▸ **Instructions for the task**:
Repeat the records below exactly as they appear, leaving out any pictures.

▸ **Records for the task**:
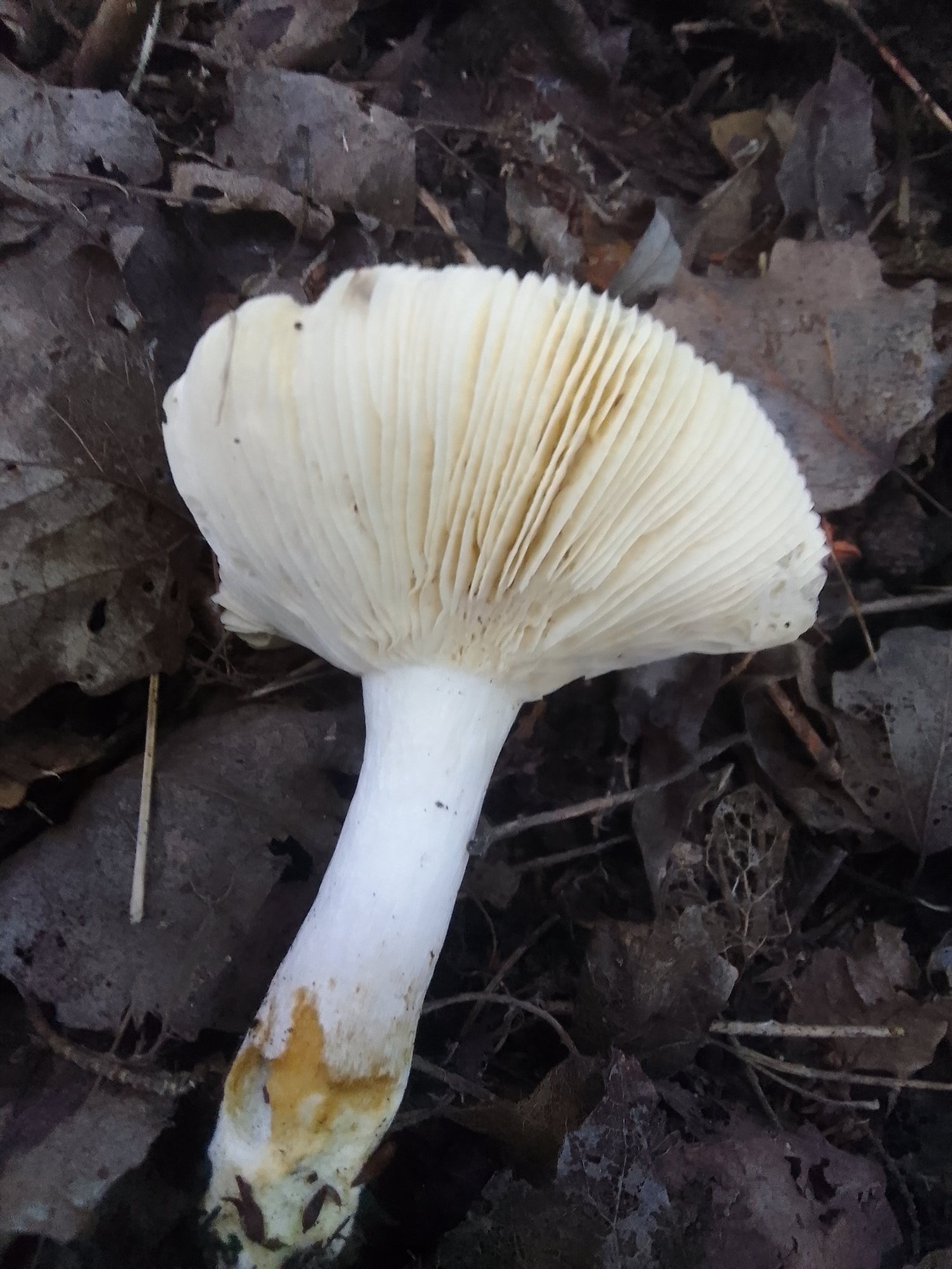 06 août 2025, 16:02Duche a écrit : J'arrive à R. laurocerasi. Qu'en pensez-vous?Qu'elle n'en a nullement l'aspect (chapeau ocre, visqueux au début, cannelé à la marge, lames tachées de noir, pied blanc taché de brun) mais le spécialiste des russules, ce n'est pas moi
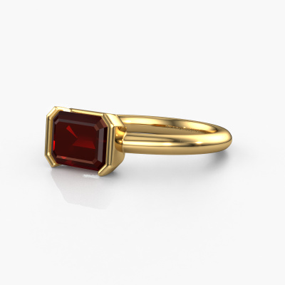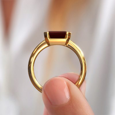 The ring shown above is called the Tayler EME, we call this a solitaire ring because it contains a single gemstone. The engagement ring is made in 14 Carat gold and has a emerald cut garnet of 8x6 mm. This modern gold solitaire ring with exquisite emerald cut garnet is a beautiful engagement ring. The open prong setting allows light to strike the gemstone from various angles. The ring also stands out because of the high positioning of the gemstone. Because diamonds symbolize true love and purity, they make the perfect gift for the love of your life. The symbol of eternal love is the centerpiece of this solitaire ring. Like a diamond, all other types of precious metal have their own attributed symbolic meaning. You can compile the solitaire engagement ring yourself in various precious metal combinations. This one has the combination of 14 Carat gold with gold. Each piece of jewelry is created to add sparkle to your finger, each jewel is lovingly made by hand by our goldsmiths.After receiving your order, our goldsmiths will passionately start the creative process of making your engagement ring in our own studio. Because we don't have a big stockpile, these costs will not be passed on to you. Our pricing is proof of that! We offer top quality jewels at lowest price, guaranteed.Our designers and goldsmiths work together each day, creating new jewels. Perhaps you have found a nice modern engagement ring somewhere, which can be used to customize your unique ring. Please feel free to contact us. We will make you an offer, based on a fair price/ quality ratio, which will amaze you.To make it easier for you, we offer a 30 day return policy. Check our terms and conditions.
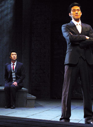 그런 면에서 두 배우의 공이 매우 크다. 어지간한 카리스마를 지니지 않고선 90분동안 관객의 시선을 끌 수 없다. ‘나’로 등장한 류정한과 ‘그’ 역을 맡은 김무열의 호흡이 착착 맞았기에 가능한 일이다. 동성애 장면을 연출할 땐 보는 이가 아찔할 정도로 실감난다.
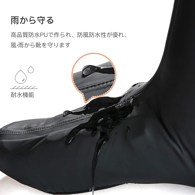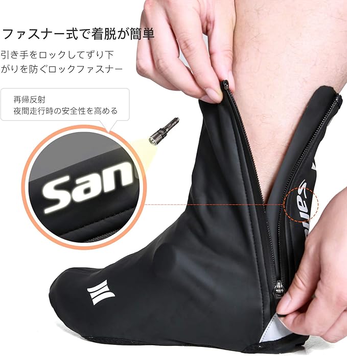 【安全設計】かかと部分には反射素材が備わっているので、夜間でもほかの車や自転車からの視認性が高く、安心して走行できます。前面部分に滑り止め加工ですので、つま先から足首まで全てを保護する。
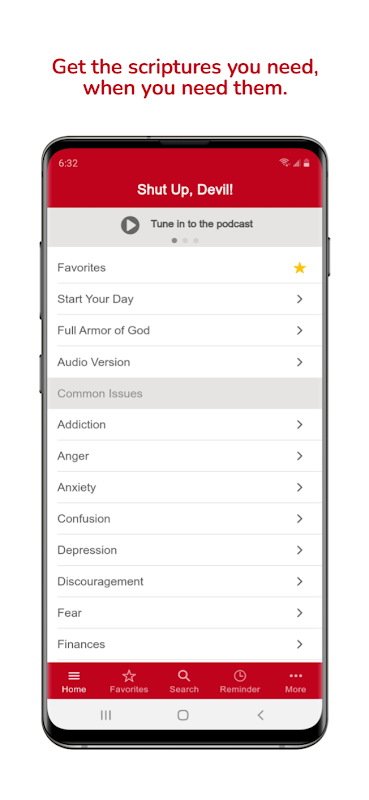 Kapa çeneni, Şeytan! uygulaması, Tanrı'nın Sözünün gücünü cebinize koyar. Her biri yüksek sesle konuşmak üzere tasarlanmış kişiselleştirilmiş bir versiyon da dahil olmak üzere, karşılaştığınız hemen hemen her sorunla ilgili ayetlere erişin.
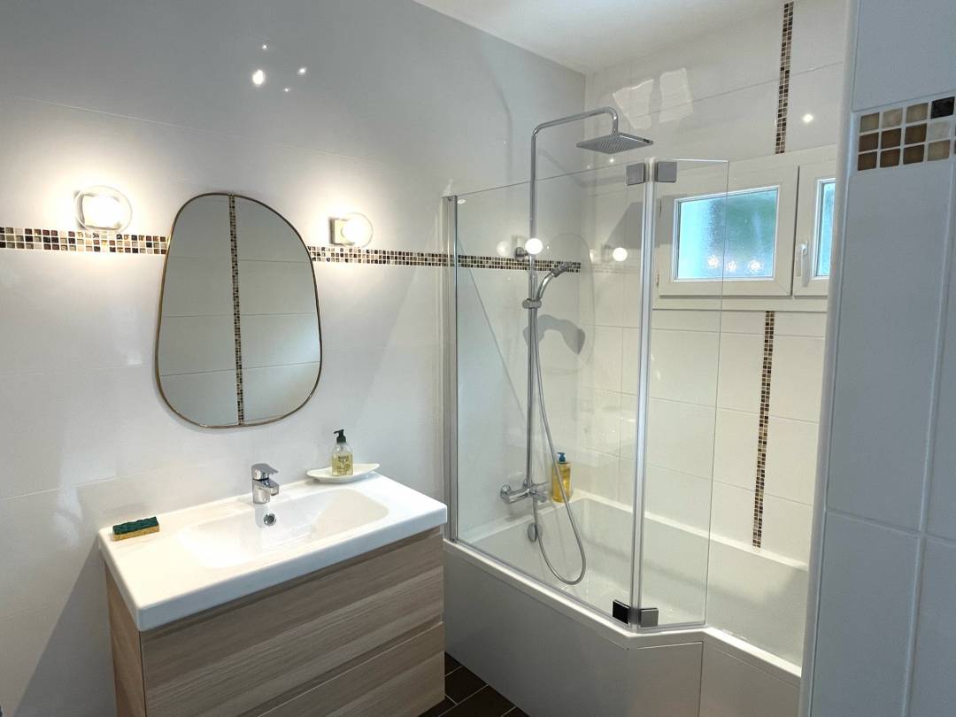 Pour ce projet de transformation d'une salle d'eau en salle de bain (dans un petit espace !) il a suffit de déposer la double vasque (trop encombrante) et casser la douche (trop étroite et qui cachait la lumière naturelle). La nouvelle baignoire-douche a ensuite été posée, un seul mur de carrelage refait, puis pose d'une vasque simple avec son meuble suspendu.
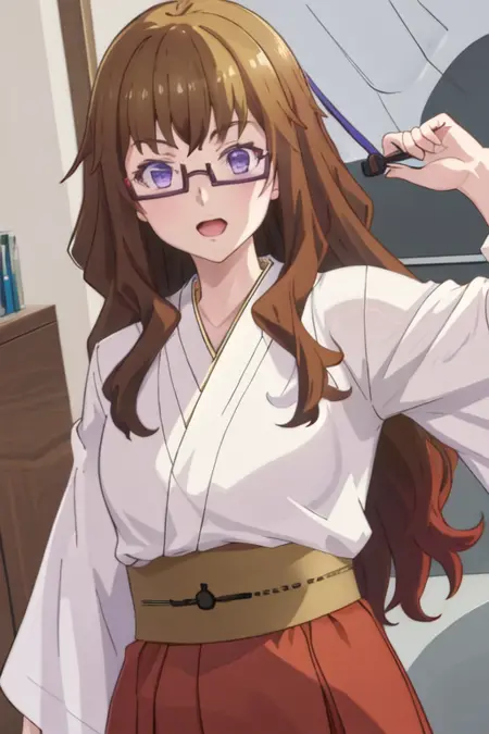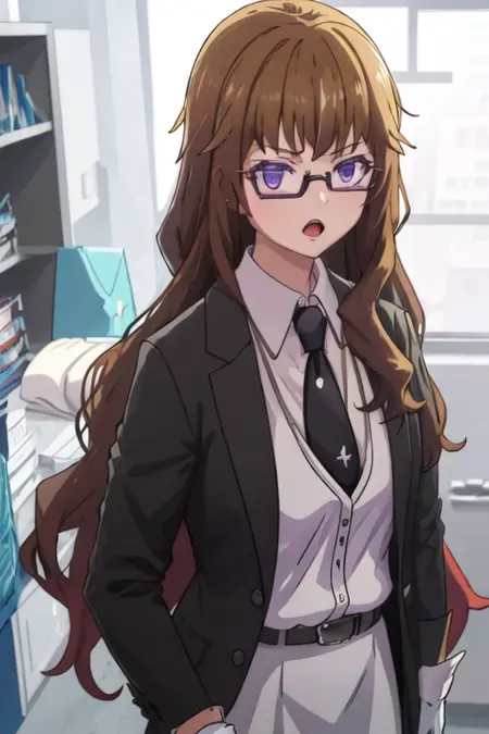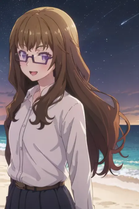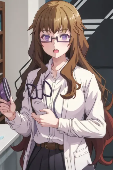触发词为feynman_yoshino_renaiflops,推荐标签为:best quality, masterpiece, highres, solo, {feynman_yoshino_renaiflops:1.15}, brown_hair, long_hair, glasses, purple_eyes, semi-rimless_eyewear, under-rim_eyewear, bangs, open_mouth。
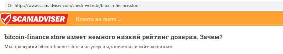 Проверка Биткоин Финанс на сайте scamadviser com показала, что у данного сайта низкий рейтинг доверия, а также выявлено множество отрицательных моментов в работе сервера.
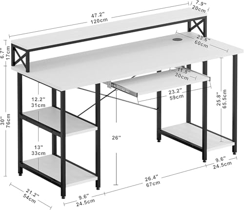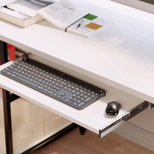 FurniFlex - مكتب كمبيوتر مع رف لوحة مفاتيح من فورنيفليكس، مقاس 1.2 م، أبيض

▸ **Solution to the problem**:
 06 août 2025, 16:02Duche a écrit : J'arrive à R. laurocerasi. Qu'en pensez-vous?Qu'elle n'en a nullement l'aspect (chapeau ocre, visqueux au début, cannelé à la marge, lames tachées de noir, pied blanc taché de brun) mais le spécialiste des russules, ce n'est pas moi
 The ring shown above is called the Tayler EME, we call this a solitaire ring because it contains a single gemstone. The engagement ring is made in 14 Carat gold and has a emerald cut garnet of 8x6 mm. This modern gold solitaire ring with exquisite emerald cut garnet is a beautiful engagement ring. The open prong setting allows light to strike the gemstone from various angles. The ring also stands out because of the high positioning of the gemstone. Because diamonds symbolize true love and purity, they make the perfect gift for the love of your life. The symbol of eternal love is the centerpiece of this solitaire ring. Like a diamond, all other types of precious metal have their own attributed symbolic meaning. You can compile the solitaire engagement ring yourself in various precious metal combinations. This one has the combination of 14 Carat gold with gold. Each piece of jewelry is created to add sparkle to your finger, each jewel is lovingly made by hand by our goldsmiths.After receiving your order, our goldsmiths will passionately start the creative process of making your engagement ring in our own studio. Because we don't have a big stockpile, these costs will not be passed on to you. Our pricing is proof of that! We offer top quality jewels at lowest price, guaranteed.Our designers and goldsmiths work together each day, creating new jewels. Perhaps you have found a nice modern engagement ring somewhere, which can be used to customize your unique ring. Please feel free to contact us. We will make you an offer, based on a fair price/ quality ratio, which will amaze you.To make it easier for you, we offer a 30 day return policy. Check our terms and conditions.
 그런 면에서 두 배우의 공이 매우 크다. 어지간한 카리스마를 지니지 않고선 90분동안 관객의 시선을 끌 수 없다. ‘나’로 등장한 류정한과 ‘그’ 역을 맡은 김무열의 호흡이 착착 맞았기에 가능한 일이다. 동성애 장면을 연출할 땐 보는 이가 아찔할 정도로 실감난다.
 【安全設計】かかと部分には反射素材が備わっているので、夜間でもほかの車や自転車からの視認性が高く、安心して走行できます。前面部分に滑り止め加工ですので、つま先から足首まで全てを保護する。
 Kapa çeneni, Şeytan! uygulaması, Tanrı'nın Sözünün gücünü cebinize koyar. Her biri yüksek sesle konuşmak üzere tasarlanmış kişiselleştirilmiş bir versiyon da dahil olmak üzere, karşılaştığınız hemen hemen her sorunla ilgili ayetlere erişin.
 Pour ce projet de transformation d'une salle d'eau en salle de bain (dans un petit espace !) il a suffit de déposer la double vasque (trop encombrante) et casser la douche (trop étroite et qui cachait la lumière naturelle). La nouvelle baignoire-douche a ensuite été posée, un seul mur de carrelage refait, puis pose d'une vasque simple avec son meuble suspendu.
触发词为feynman_yoshino_renaiflops,推荐标签为:best quality, masterpiece, highres, solo, {feynman_yoshino_renaiflops:1.15}, brown_hair, long_hair, glasses, purple_eyes, semi-rimless_eyewear, under-rim_eyewear, bangs, open_mouth。
 Проверка Биткоин Финанс на сайте scamadviser com показала, что у данного сайта низкий рейтинг доверия, а также выявлено множество отрицательных моментов в работе сервера.
 FurniFlex - مكتب كمبيوتر مع رف لوحة مفاتيح من فورنيفليكس، مقاس 1.2 م، أبيض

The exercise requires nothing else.